In the competition between centaurs and pure engines, which, however, does not affect the distribution of prizes, the centaurs lead 53,5 to 42,5 after 18 rounds: +24 / =59 / -13, which on average is one point in every ten games (5.5:4.5). In 54 of these 96 games the centaurs played with White, in 42 games they played with Black, and thus they had a certain advantage resulting from the random sequence of the games. This, however, might later be leveled. But the distribution of color is an important factor because the superiority of the centaurs strongly relies on the white pieces – of the 24 wins the centaurs scored against the engines 20 were achieved with White. The engines score 9 wins with White compared to 4 wins with Black. This means that according to the current trend centaurs have a 65 % winning chance with White, but only a 45 % winning chance with Black. This allows one to conclude that the advantage of the centaurs lies mainly in the exploitation of opening advantages, but that it almost vanishes if no opening advantage is gained.

Most popular engines: Stockfish, Houdini and Komodo
What kind of programs are these three and to which extent are they used? Here it is interesting to look at a survey, for which the participants were asked before and during the tournament about the programs they use. 21 of the 30 participants said that they were using the following engines, either for analyzing or for the games:Stockfish 18, Houdini 14, Komodo 12, others 5. As far as the overall favorite is concerned, Stockfish also fares better than Houdini, though not all participants have just one single favorite. Komodo, however, is obviously almost exclusively used as a third option. A typical reasoning for this choice goes: Stockfish because of the depth of calculation and because it is presumably the tactically strongest engine, Houdini as the most balanced and positionally reliably engine, and Komodo as the engine with the most endgame knowledge.
In a number of different versions Stockfish is also definitely the engine most often used as pure engine, because 48 of the 96 tournament games against centaurs were played by the open source engine. This led to 8 wins, 14 losses and 26 draws. Houdini 4 was used 13 times: +0 / =8 / -5, Komodo 5 times: +1 / =3 / -1.

"Cryptic" most successful against centaurs
However, the second largest part of games against centaurs – 30 of 96 tournament games – was played by a private engine called Deep Cryptic Cyclone 2.7 or Cryptic Heroes 1.1, which is consistently used by two participants from Abu Dhabi on pretty strong hardware. The program is a privately sponsored engine by Zorchamp, the second Freestyle Champion, who had won this title in 2006, and who, after having been absent for a couple of years, again takes part in competitions, this year in the Freestyle Battle 2014. Like Houdini and Stockfish this engine, the developers of which are not known by name, seem to tie in to earlier versions of Rybka and Fruit,and with +4 / =22 / -4 the engine has an equal score against centaurs. In pure engine tournaments on the InfinityChess server Cryptic regularly finishes in the top group, which is probably due to the superior hardware of two xeon processors with 20 or 16 cores respectively. If the used opening books are improved the strengths of engine and hardware presumably will be even more pronounced.

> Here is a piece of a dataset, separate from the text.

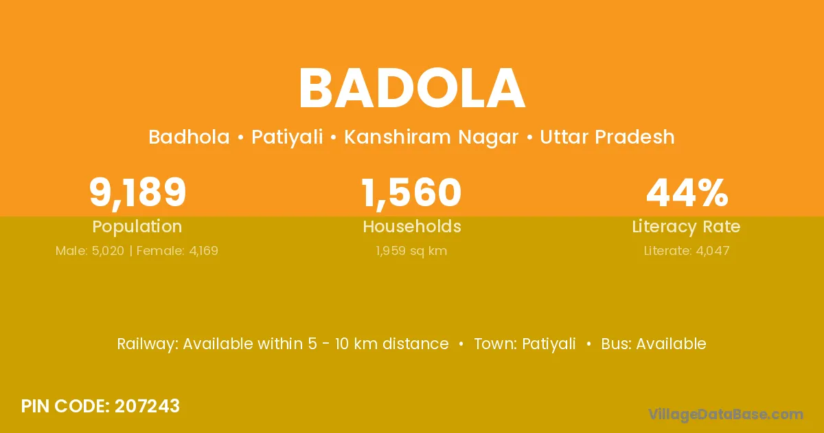 Kirtinagar (12 km) is the nearest town to Badola village for major economic activities and is located approximately 12 km away.

Centaur statue of 1892 in the Tuileries Gardens, Paris
(Photo by Marie-Lan Nguyen)

Strengths and weaknesses of centaurs and pure engines
In regard to the reasons for wins and losses in the battle between centaurs and engines the following becomes apparent:
1. Centaurs are more flexible and better in selecting promising middle and endgame strategies, the choice of which often begins in the opening.
2. Centaurs can discover successful paths of analysis discursively by using different engines, which complement but sometimes also contradict each other. (This phenomenon was noticed before but pushed a bit into the background in the heydays of Rybka when this engine had been dominating the other engines from 2007 to 2010.)
3. If centaurs know the opposing engine (even if only because of the evaluations published about it) they can specifically try to exploit its supposed weaknesses.
4. Centaurs can get a hardware advantage by using several computer systems – if available.
5. Centaurs can structure the analytical more effectively by sharing the workload among several helpers. However, help teams are not easy to organize. The internal coordination costs time and requires a harmonic, well attuned team.
6. Centaurs on average need more time for handling the processes of analyzing and operating the engine, which may turn out to be a disadvantage and a risk.
7. Centaurs are prone to human errors and make mistakes (such as operating mistakes, misinterpretations etc).
8. Engines operating on their own do not lose the time a user loses, and thus the engines emerge from the opening book with a time plus because of the 15 second increment for each move played. If the book is very good and efficient this can be a strong factor in the further cause of the game.
9. Engines operating on their own use the opponents’ thinking time fully to continue analyzing and to anticipate possible or forced replies (so called "ponder"). If the expected move is played they may answer immediately with a move they have already analyzed deeply.
10. Depending on the position on the board, engines operating on their own can profit from a higher degree of objectivity because their analyzing processes run uninterrupted, that is, without human interference, which sometimes allows to find key moves, which the centaurs have either underestimated or even overlooked. Here the hardware can become the crucial factor.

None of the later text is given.